The listing below is to be given again in full and word for word, without its images.

Data segment:
══════════════════════════════

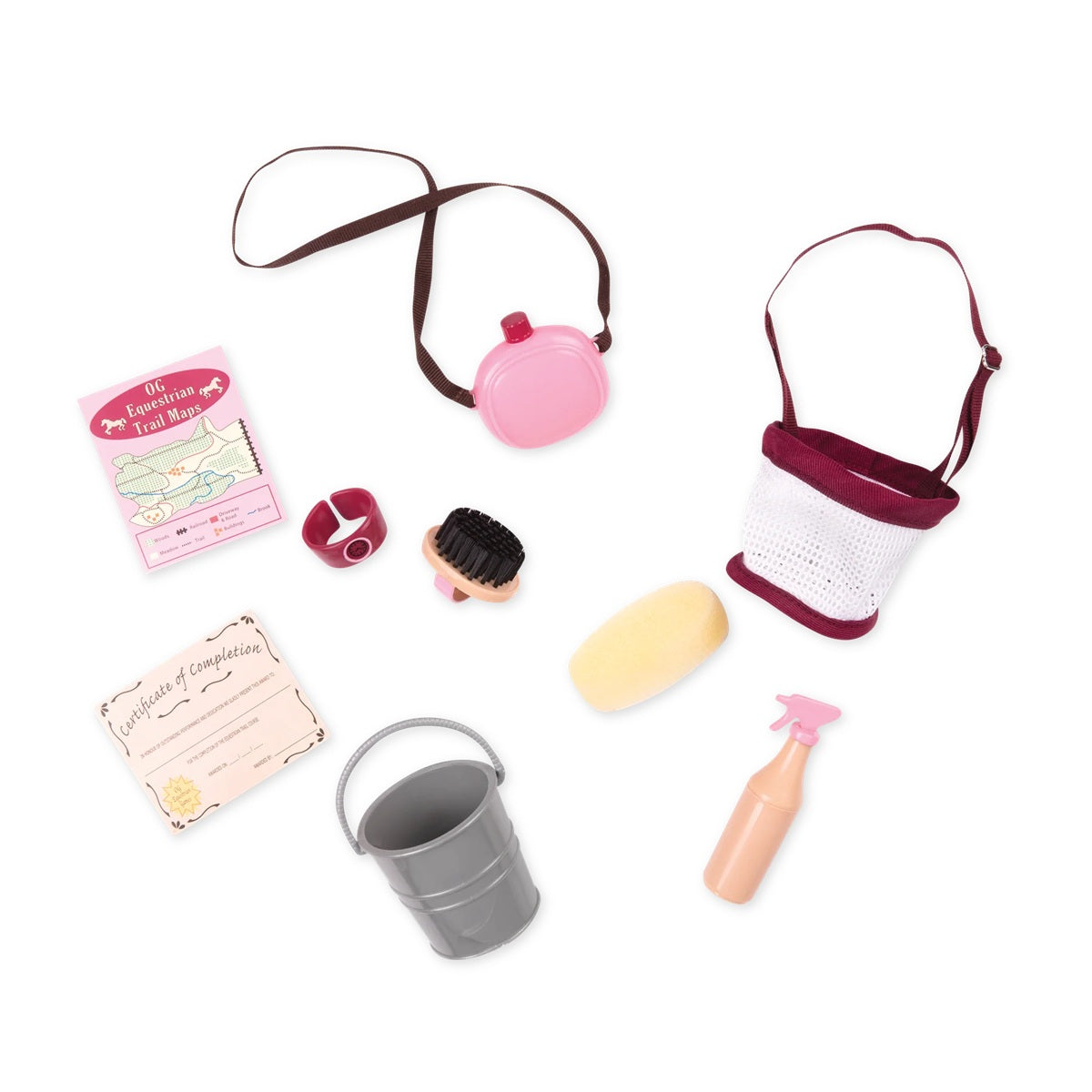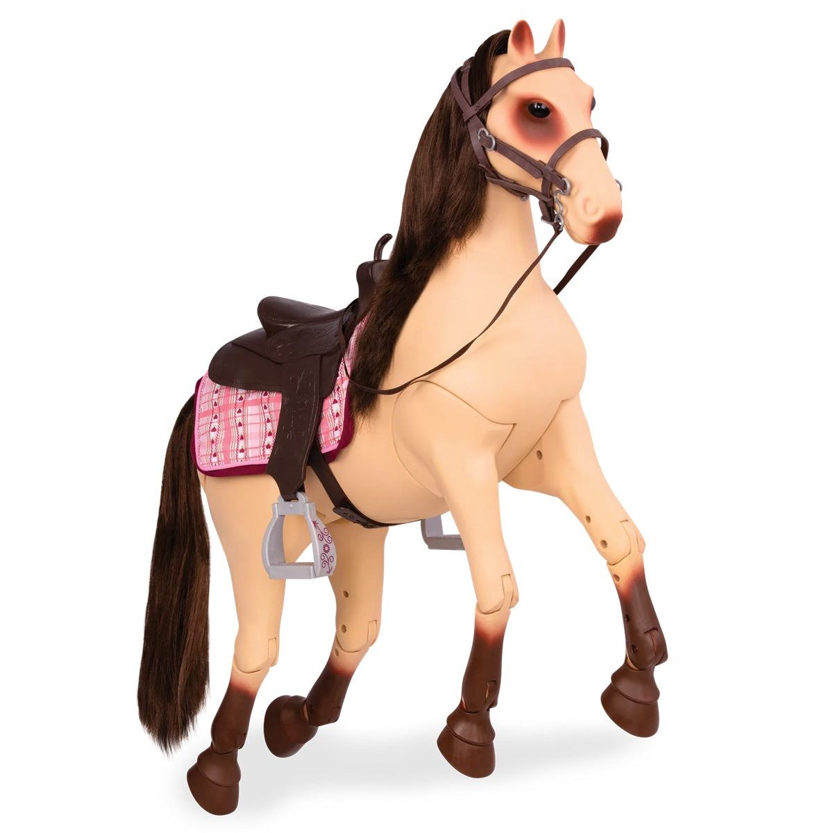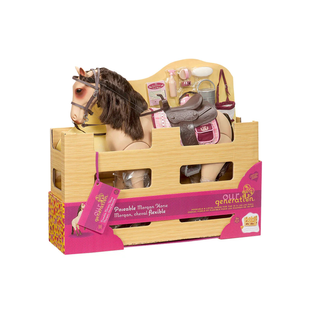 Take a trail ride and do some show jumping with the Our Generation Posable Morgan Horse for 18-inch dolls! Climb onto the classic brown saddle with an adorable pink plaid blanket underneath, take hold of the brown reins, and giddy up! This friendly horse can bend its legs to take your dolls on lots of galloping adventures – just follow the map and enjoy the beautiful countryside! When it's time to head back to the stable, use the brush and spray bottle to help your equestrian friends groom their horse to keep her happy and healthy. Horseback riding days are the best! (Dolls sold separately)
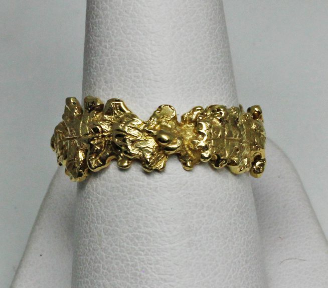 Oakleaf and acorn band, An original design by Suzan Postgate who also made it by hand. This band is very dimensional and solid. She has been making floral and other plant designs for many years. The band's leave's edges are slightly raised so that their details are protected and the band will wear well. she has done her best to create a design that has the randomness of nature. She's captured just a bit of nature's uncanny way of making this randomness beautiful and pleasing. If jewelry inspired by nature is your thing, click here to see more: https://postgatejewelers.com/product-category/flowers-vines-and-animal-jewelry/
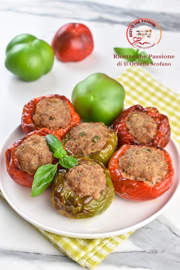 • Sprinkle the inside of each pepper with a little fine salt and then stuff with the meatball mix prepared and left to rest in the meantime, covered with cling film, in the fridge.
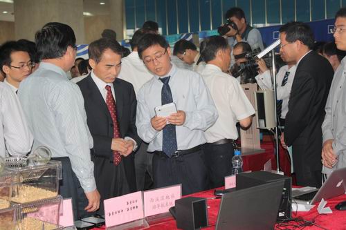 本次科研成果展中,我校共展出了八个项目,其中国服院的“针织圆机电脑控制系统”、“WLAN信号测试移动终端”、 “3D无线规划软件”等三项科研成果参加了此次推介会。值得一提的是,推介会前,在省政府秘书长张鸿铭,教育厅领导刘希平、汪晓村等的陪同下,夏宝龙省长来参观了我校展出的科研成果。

══════════════════════════════

Response:
 Take a trail ride and do some show jumping with the Our Generation Posable Morgan Horse for 18-inch dolls! Climb onto the classic brown saddle with an adorable pink plaid blanket underneath, take hold of the brown reins, and giddy up! This friendly horse can bend its legs to take your dolls on lots of galloping adventures – just follow the map and enjoy the beautiful countryside! When it's time to head back to the stable, use the brush and spray bottle to help your equestrian friends groom their horse to keep her happy and healthy. Horseback riding days are the best! (Dolls sold separately)
 Oakleaf and acorn band, An original design by Suzan Postgate who also made it by hand. This band is very dimensional and solid. She has been making floral and other plant designs for many years. The band's leave's edges are slightly raised so that their details are protected and the band will wear well. she has done her best to create a design that has the randomness of nature. She's captured just a bit of nature's uncanny way of making this randomness beautiful and pleasing. If jewelry inspired by nature is your thing, click here to see more: https://postgatejewelers.com/product-category/flowers-vines-and-animal-jewelry/
 • Sprinkle the inside of each pepper with a little fine salt and then stuff with the meatball mix prepared and left to rest in the meantime, covered with cling film, in the fridge.
 本次科研成果展中,我校共展出了八个项目,其中国服院的“针织圆机电脑控制系统”、“WLAN信号测试移动终端”、 “3D无线规划软件”等三项科研成果参加了此次推介会。值得一提的是,推介会前,在省政府秘书长张鸿铭,教育厅领导刘希平、汪晓村等的陪同下,夏宝龙省长来参观了我校展出的科研成果。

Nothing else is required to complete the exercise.